С диким хохотом Эли поднял ее.
– Хотел посмотреть, что получится.
– Ну и вот что получилось: мы промокли до нитки и можем простудиться.
Она убрала с лица волосы, с которых стекала вола. Радостная собака прыгала рядом с ними, Эйбра задумалась. О чем свидетельствует то, что из-за его глупого детского поступка ее раздражение и нервозность прошли, как будто их и не было?
– Дурачок!
– Русалка! – Он снова прижал ее к себе. – Именно на нее ты и похожа.
– У этой русалки есть ноги, которые в данный момент страшно замерзли и все облеплены песком.
– Ну, что ж, не беда. Нужно будет принять долгий горячий душ. – Схватив Эйбру за руку, он потащил ее на берег. – Я помогу тебе очиститься от песка. – Почувствовав сильный порыв ветра, он снова рассмеялся. – Боже! Какой холод! Пойдем домой, Барби!
Я увлечена им так же, как он был сегодня захвачен своей работой, подумала Эйбра. Просто легкое головокружение.

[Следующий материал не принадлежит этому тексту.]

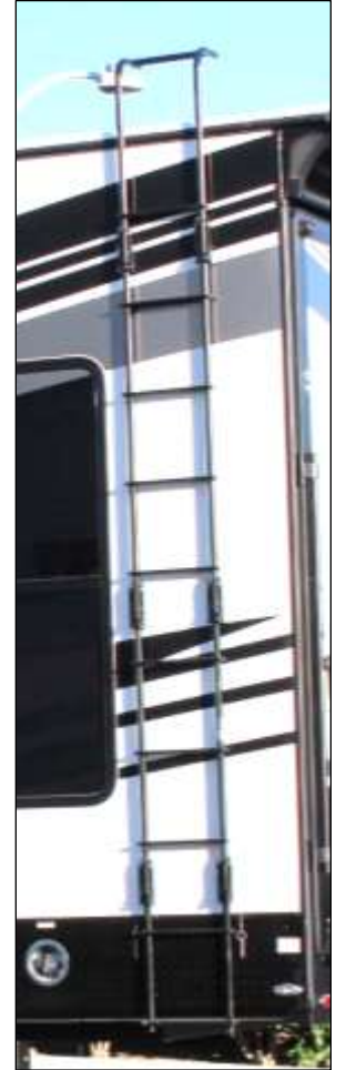
Exterior Folding Ladder & Walk-On Roof

Она вытряхнула песок из туфель, и они побежали по берегу.
Глава 24
Влетев в прихожую, Эйбра сорвала с себя насквозь промокшую куртку и хлюпающие от воды туфли.
– Замерзла, замерзла, замерзла! – твердила она, стуча зубами и сбрасывая мокрую одежду.
Эли, который тоже раздевался, на мгновение замер, засмотревшись на голую, мокрую и дрожащую Эйбру.
Он все еще боролся с прилипшими к телу джинсами, когда Эйбра выскользнула из комнаты.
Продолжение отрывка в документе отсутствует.